* PROVIDED DATA:

....

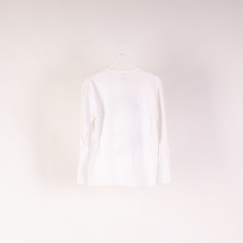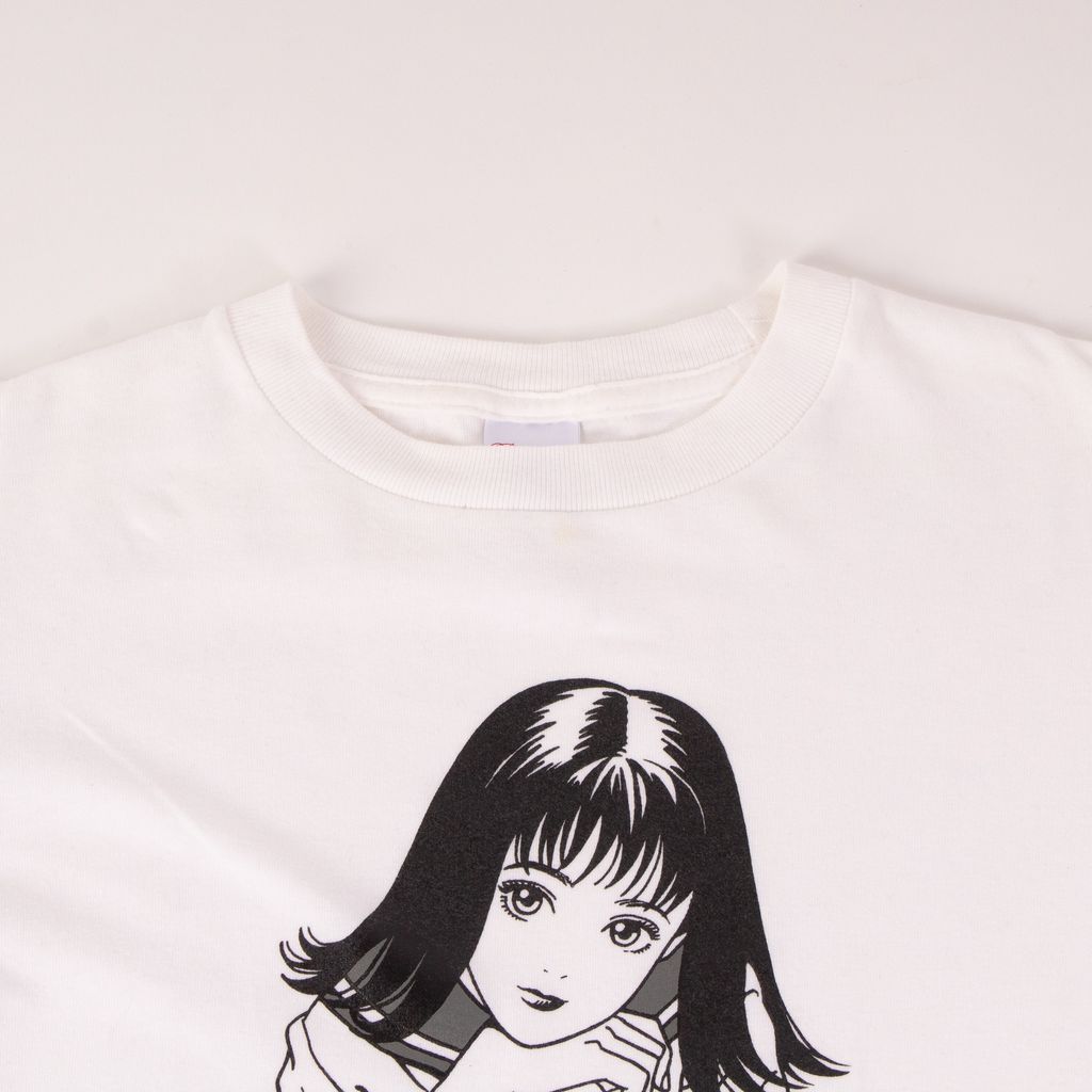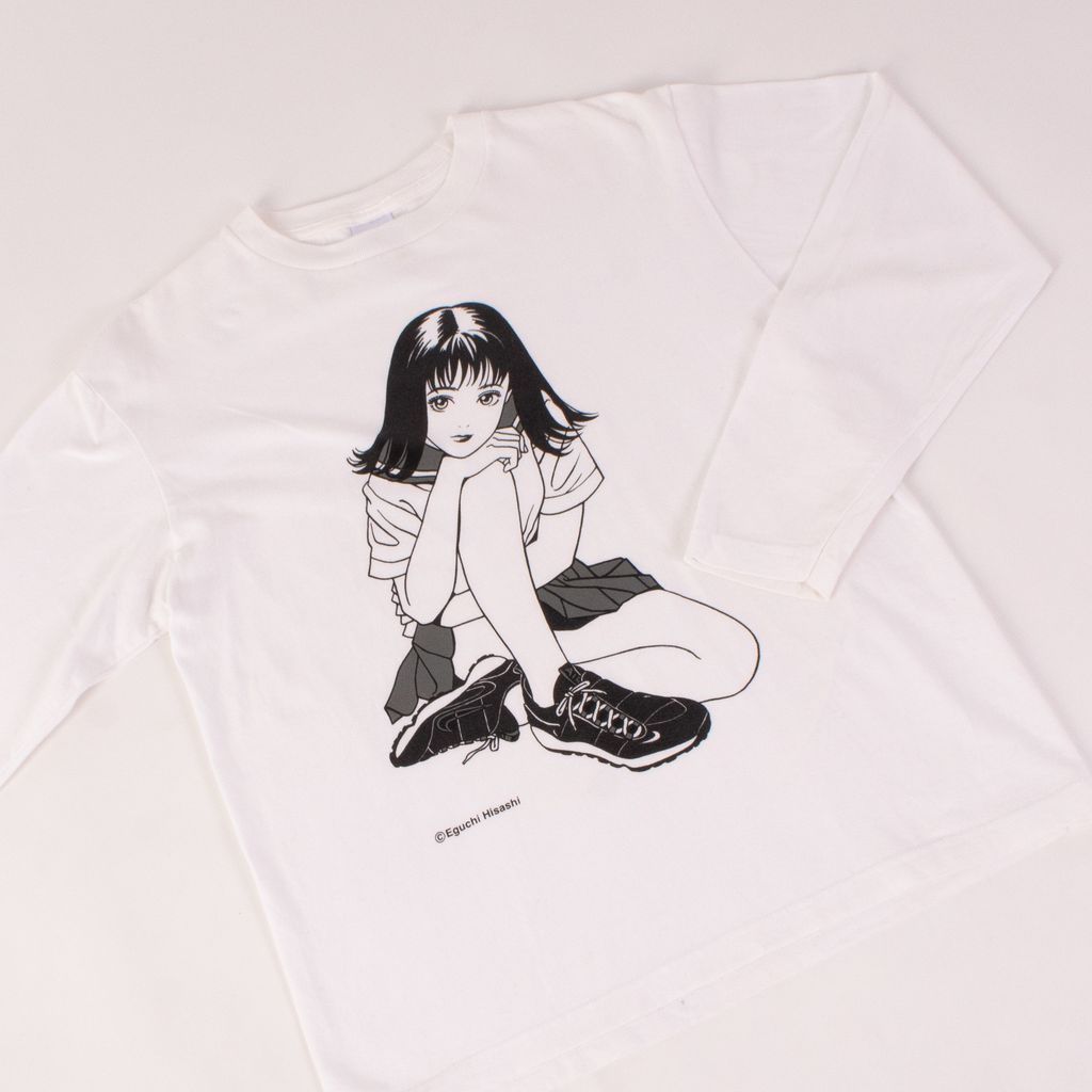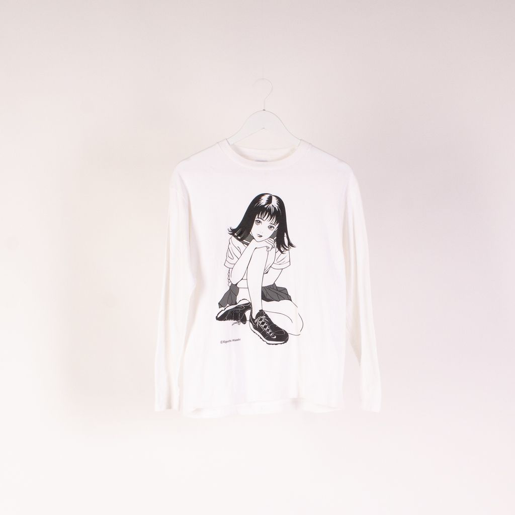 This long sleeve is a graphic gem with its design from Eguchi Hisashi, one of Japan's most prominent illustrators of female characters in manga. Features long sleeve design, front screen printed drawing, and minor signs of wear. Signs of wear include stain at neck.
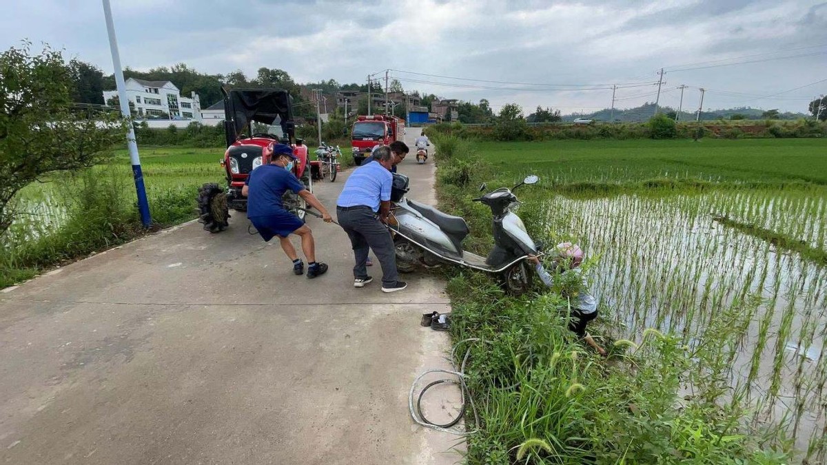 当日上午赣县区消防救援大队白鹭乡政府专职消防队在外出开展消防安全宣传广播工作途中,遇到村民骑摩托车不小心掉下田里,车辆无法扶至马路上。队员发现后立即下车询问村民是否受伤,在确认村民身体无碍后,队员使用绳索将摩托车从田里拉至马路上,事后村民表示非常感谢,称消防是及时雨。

....

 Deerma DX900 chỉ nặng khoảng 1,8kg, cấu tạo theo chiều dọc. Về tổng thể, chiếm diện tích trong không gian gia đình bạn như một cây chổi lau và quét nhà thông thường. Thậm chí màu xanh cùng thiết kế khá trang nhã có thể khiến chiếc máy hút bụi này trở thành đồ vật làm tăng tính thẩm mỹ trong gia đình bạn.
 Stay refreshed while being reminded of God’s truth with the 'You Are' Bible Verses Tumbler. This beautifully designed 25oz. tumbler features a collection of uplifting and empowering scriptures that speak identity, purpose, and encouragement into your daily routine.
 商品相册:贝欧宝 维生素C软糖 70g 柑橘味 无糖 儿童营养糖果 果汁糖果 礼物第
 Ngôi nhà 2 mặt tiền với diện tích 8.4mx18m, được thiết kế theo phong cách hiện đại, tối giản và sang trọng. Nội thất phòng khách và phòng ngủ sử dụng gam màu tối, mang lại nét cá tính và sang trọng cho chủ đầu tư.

....

* PROBLEM DETAILS: In the records above, find the line with "This long sleeve". Print exactly from there through the line with "当日上午赣县区消防救援大队白", minus the pictures.

* TASK OUTPUT:
 This long sleeve is a graphic gem with its design from Eguchi Hisashi, one of Japan's most prominent illustrators of female characters in manga. Features long sleeve design, front screen printed drawing, and minor signs of wear. Signs of wear include stain at neck.
 当日上午赣县区消防救援大队白鹭乡政府专职消防队在外出开展消防安全宣传广播工作途中,遇到村民骑摩托车不小心掉下田里,车辆无法扶至马路上。队员发现后立即下车询问村民是否受伤,在确认村民身体无碍后,队员使用绳索将摩托车从田里拉至马路上,事后村民表示非常感谢,称消防是及时雨。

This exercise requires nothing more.